There’s an article doing the rounds called “The Intelligence Curse” by Luke Drago. It’s been widely shared, hotly debated, and if you work in any industry where relationships drive revenue, it deserves your attention. Not because it’s necessarily right about everything, but because the question it asks is one that every leader in financial services will eventually have to answer.

The argument is this. Throughout modern history, powerful organisations, whether governments or corporations, have invested in people because people are where the value comes from. You build schools because educated citizens create taxable economic activity. You train your staff because skilled employees generate revenue. You invest in your sales teams because relationships drive business. The entire model works because there’s a clear incentive loop: invest in people, people create value, you capture a share of that value.

Drago’s provocation is that artificial general intelligence breaks that loop. If machines can do most economically valuable work as well as or better than humans, what happens to the incentive to invest in people? His answer, drawn from the economics of oil-rich nations, is uncomfortable. Countries that derive their wealth from natural resources rather than their citizens tend to stop investing in their citizens. Venezuela, Equatorial Guinea, the DRC. Trillions in mineral wealth, populations living in poverty. The resource generates the income, so the people become irrelevant to the economic equation.

He calls this the “intelligence curse,” and argues that AGI could function the same way. Once intelligence itself becomes a resource that organisations can generate through technology rather than cultivate through their workforce, those who control it have no structural reason to invest in the people who used to provide it.

Why this matters if you run a distribution business

You don’t need to believe we’re five years from artificial general intelligence to find this useful.

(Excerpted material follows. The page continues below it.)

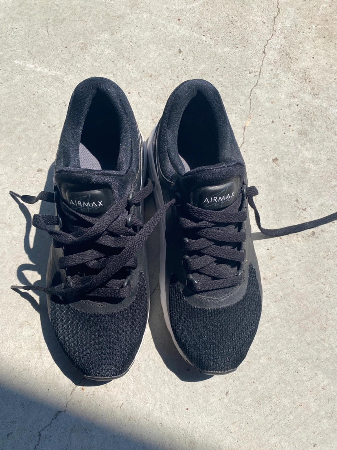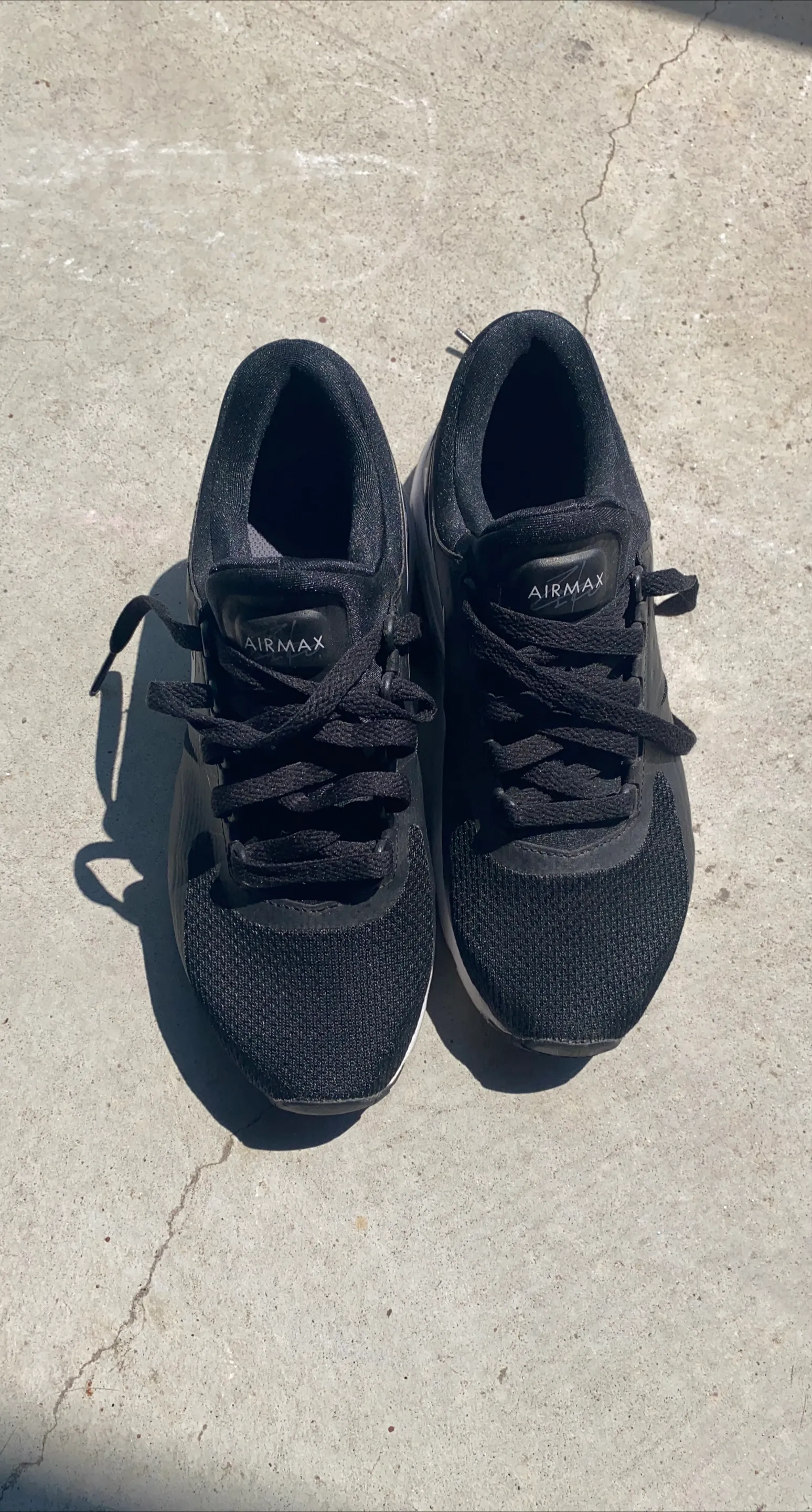 Selling a pair of Nike Air Max sneakers in black. They're in great condition and ready for a new home!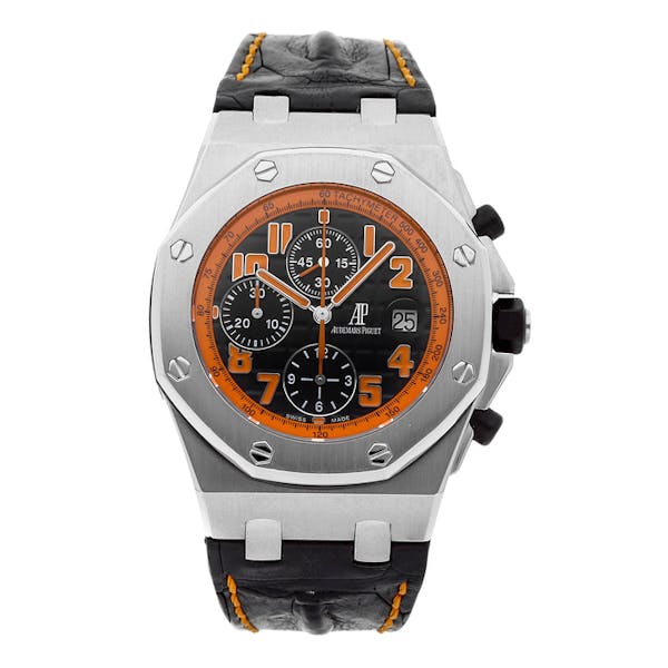 The flow from black dial to orange rehaut to brushed stainless steel to the two-tone hornback alligator strap keeps visual appeal intense and expresses the striking forms of the Offshore case with force.

The pattern Drago describes is already visible in a milder form across financial services. Every time a lender replaces a BDM team with a digital portal and a chatbot, the underlying logic is the same: the technology can do the job, so why pay for the person?

I wrote recently about Rory Sutherland’s doorman fallacy, the consultant who replaces the hotel doorman with an automatic door and claims the cost saving without being held accountable for the value destroyed. The intelligence curse is the doorman fallacy taken to its logical extreme. Instead of replacing one doorman, you replace the entire concept of investing in people because the return on investment in technology looks better on the spreadsheet.

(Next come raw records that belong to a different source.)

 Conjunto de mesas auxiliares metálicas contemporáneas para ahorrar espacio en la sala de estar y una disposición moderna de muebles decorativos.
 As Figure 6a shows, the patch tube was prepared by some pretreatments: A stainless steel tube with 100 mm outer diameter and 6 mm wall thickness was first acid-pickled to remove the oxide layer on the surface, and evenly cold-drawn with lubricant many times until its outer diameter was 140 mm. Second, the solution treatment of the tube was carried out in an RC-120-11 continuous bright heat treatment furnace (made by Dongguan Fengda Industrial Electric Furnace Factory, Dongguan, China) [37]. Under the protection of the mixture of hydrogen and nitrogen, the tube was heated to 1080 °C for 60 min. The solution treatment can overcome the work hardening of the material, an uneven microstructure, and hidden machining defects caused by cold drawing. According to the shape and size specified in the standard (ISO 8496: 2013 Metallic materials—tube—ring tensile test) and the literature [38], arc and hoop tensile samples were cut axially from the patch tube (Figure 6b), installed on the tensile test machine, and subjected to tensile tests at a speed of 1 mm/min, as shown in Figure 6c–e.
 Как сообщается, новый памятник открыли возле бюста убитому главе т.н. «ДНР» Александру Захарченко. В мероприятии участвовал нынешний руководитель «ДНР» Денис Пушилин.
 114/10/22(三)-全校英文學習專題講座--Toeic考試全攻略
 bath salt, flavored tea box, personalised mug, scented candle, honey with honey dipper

But here’s the thing Drago acknowledges and that mortgage professionals know instinctively: the spreadsheet doesn’t capture everything. It doesn’t capture the broker who refers three cases a month because they trust your BDM. It doesn’t capture the client who stays loyal because someone remembered their name and understood their situation. It doesn’t capture the fact that a phone call converts at 30% while a website converts at 0.5%.

The resource curse countries Drago references aren’t just poor because their governments are corrupt. They’re poor because removing the incentive to invest in people creates a cascade of underinvestment that compounds over decades. Schools deteriorate. Infrastructure crumbles. Talent leaves. The same dynamic can play out in a business that decides technology is the answer and people are the cost.

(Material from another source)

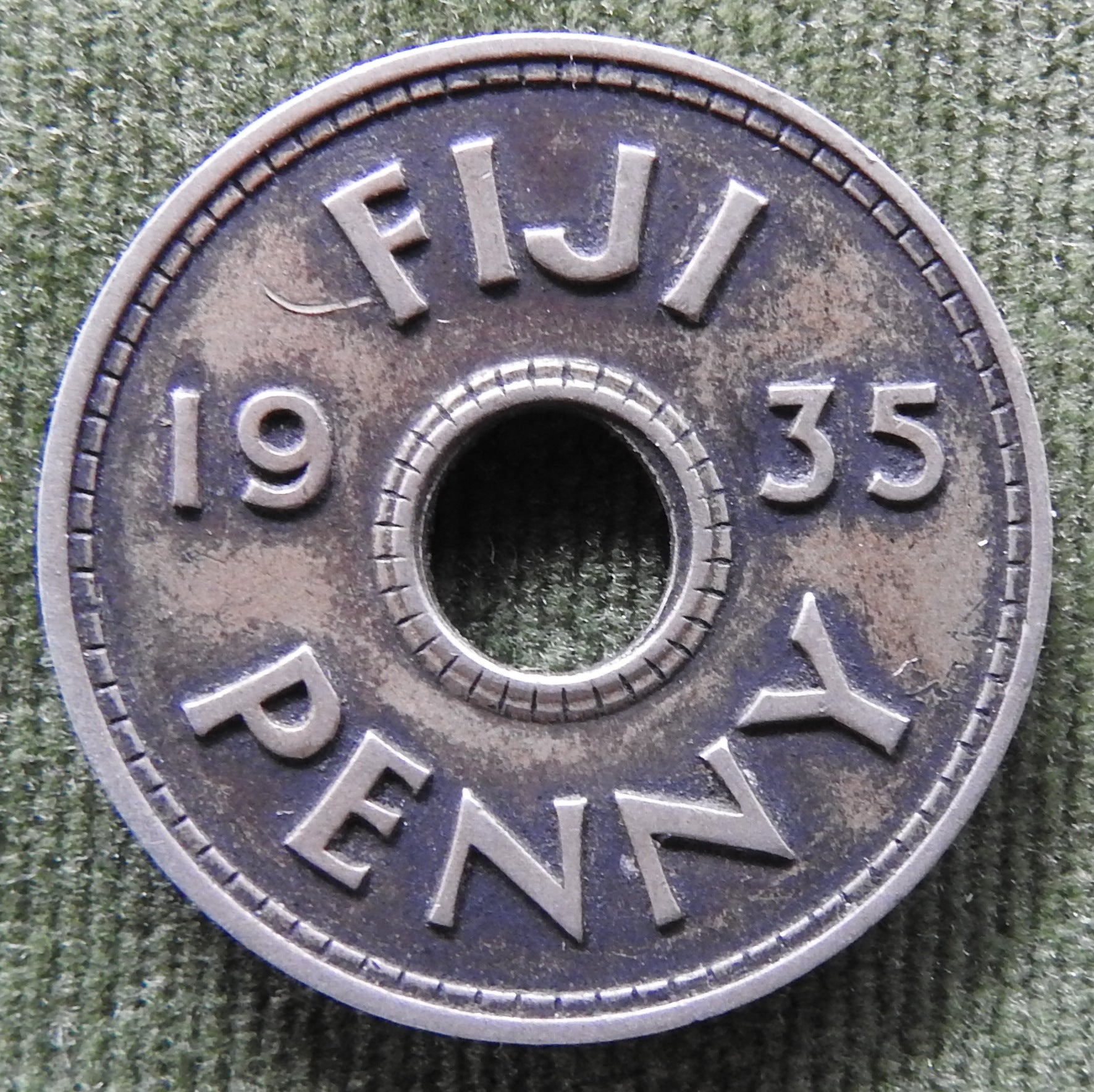 Fiji 1935 1 Penny Coin King George VI. A good coin with good detail consistent with intermediate to extended circulation. Please view images as all images are of the actual item.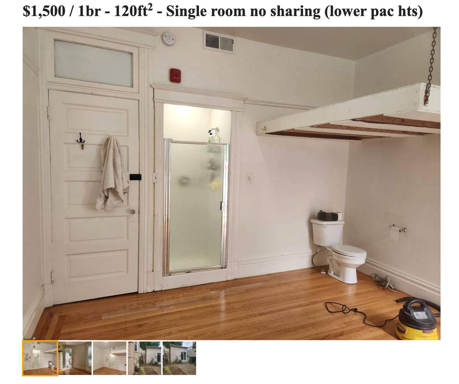I located the listing, which is real and was posted four days ago. This grand, 120-square-foot single bedroom/bathroom combo in Lower Pacific Heights comes with the tagline "no sharing," which clearly refers to the bathroom amenities themselves.

The mortgage industry sits right in the middle of this

We’re in an industry where trust is the product. The mortgage itself is a commodity. Rates are comparable. Products are interchangeable. What differentiates one broker from another, one lender from another, one network from another, is the quality of the human relationship. The adviser who understands the client’s situation. The BDM who picks up the phone when things go wrong. The case manager who chases the solicitor so the client doesn’t have to.

If the intelligence curse thesis is even partially right, the pressure to replace these people with technology will only intensify. AI can process applications faster. It can source products more efficiently. It can generate compliance reports without human error. And every time it does, someone in the business will ask: why are we still paying for the person?

The answer, and it’s one that leaders in this industry need to articulate clearly and defend vigorously, is that the person is where the trust lives. Technology should be the thing that frees your best people to spend more time building relationships, not the thing that replaces the relationships entirely.

The companies that will thrive in the next decade are the ones that understand the difference between automating process and automating judgment. Between using AI to handle the admin so your adviser can spend more time with the client, and using AI to handle the client so you can spend less money on the adviser. Those two strategies look similar from a technology procurement perspective. They produce radically different outcomes for the business.

The question worth asking

Drago ends his article with a call to action: change the incentives, and you can change the outcome. For mortgage leaders, the incentive question is real. Are you building a business where the best path to profit runs through investing in your people? Or are you building one where the people are a cost line to be optimised away as soon as the technology is good enough?

The intelligence curse isn’t inevitable. But it is the default. And defaults have a way of becoming reality when nobody actively chooses a different path.